OK, I understand what you mean Mossa
then, we must find some slang expression, like "soutif à loloches" for example 
I know the guys here don't lack imagination, and they certainly will find out a good one !


----------



## XIII56

Micia93 said:


> I know the guys here don't lack imagination, and they certainly will find out a good one !


I think if that was frequent here we would call it a "water soutif".


----------



## Missrapunzel

dewsy said:


> Anything that is put inside a bra is un coussinet. I have seen coussinets en silicone, could this be the same thing?


I think dewsy is right! I would say "_un soutien-gorge avec coussinets en silicone_" or maybe "_coussinets d'eau_".


----------



## Micia93

Missrapunzel said:


> I think dewsy is right!
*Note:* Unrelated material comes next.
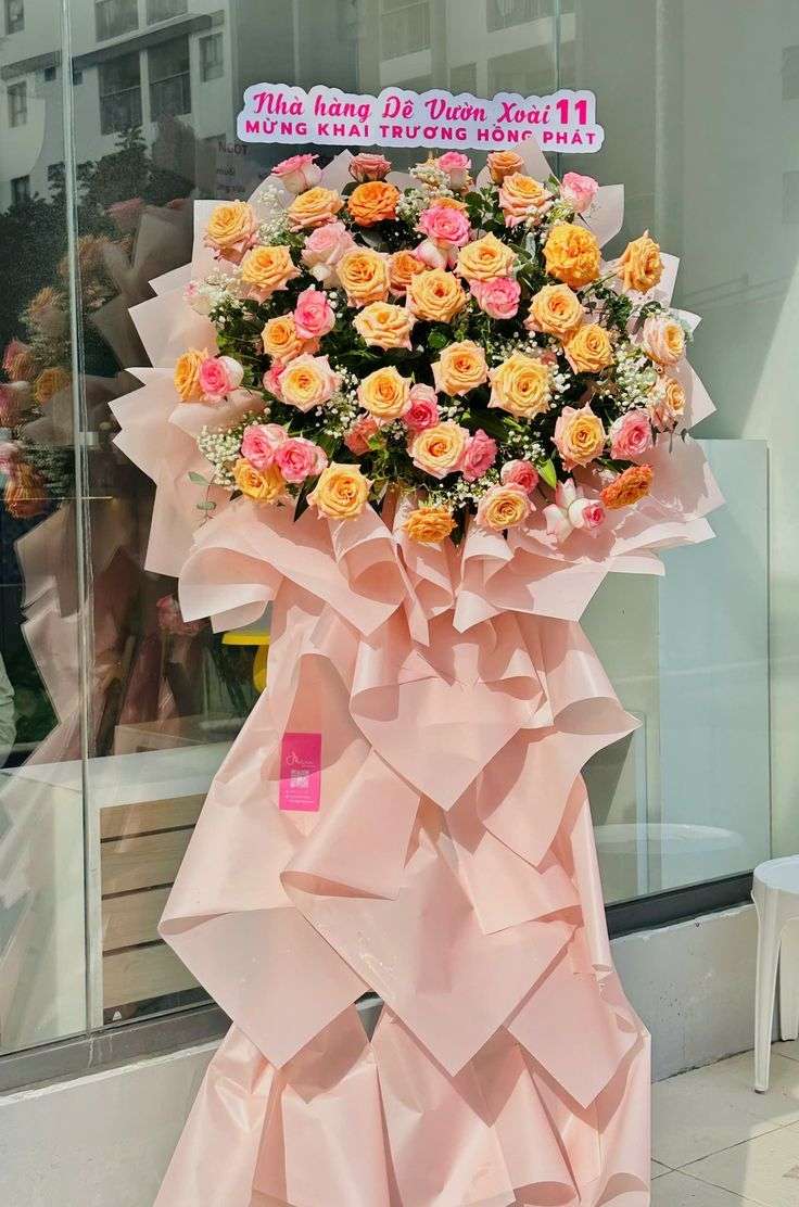 Với thiết kế cao, nổi bật và tông màu trang nhã, sản phẩm rất phù hợp để sử dụng trong các dịp khai trương, chúc mừng, sự kiện hoặc gửi tặng đối tác, bạn bè, người thân. Kệ hoa không chỉ mang giá trị thẩm mỹ mà còn thể hiện lời chúc phát triển, may mắn và thành công, là lựa chọn được nhiều khách hàng yêu thích nhờ sự sang trọng, nổi bật và dễ tạo ấn tượng ngay từ ánh nhìn đầu tiên.

I would say "_un soutien-gorge avec coussinets en silicone_" or maybe "_coussinets d'eau_".


 

c'est très certainement cela, Miss, mais le problème est qu'il s'agit d'un dialogue, que le type se moque de la fille qui porte cela, et il faut peut-etre un niveau de langage plus au ras des pâquerettes, tu ne trouves pas ?


----------



## vanagreg

On peut dire tout simplement "soutien-gorge à eau".


----------



## giga2294

vanagreg said:


> On peut dire tout simplement "soutien-gorge à eau" .


D'accord avec vanagreg.
La preuve : http://www.priceminister.com/offer/...outien-Gorge-Avec-Eau-Integre-85-A-Tanga.html


----------



## Missrapunzel

vanagreg said:


> On peut dire tout simplement "soutien-gorge à eau".


pas mal !!!


----------



## boterham

si cela doit être un peu familier pourquoi pas _soutif à poches d'eau  ?_

soutif rembourré à l'eau / avec des poches d'eau ?


----------



## smallseb

Et pourquoi pas, dans sa forme la plus simple _un sous-tien gorge rembourré_?
Water-bra stands for the material inside the bra. Does it really matters with what is it padded with?


----------



## Micia93

boterham said:


> si cela doit être un peu familier pourquoi pas _soutif à poches d'eau ?_
> 
> soutif rembourré à l'eau / avec des poches d'eau ?


 

d'accord avec toi Boterham, je crois qu'il faut s'éloigner de la définition d'origine, et c'est le niveau de langage dont je parlais justement !


----------



## XIII56

smallseb said:


> Et pourquoi pas, dans sa forme la plus simple _un sous-tien gorge rembourré_?
> Water-bra stands for the material inside the bra. Does it really matters with what is it padded with?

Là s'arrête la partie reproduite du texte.